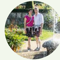
Kulturgeschichte 4: Prominente Parks & Gärten
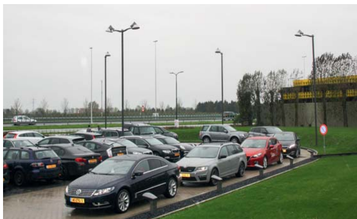
Op de parkeerplaats van Postillion Hotel Utrecht Bunnik vormden de zakenauto's een lange stoet.
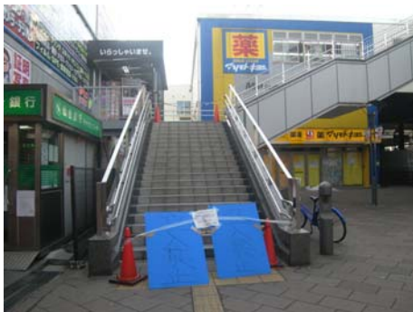
写真-1 東口連絡階段閉鎖
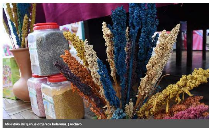
Muestras de quinua orgánica boliviana.

-=-=-

# PROBLEM
Copy all the material exactly; omit images.

# ANSWER SECTION
Kulturgeschichte 4: Prominente Parks & Gärten
Op de parkeerplaats van Postillion Hotel Utrecht Bunnik vormden de zakenauto's een lange stoet.
写真-1 東口連絡階段閉鎖
Muestras de quinua orgánica boliviana.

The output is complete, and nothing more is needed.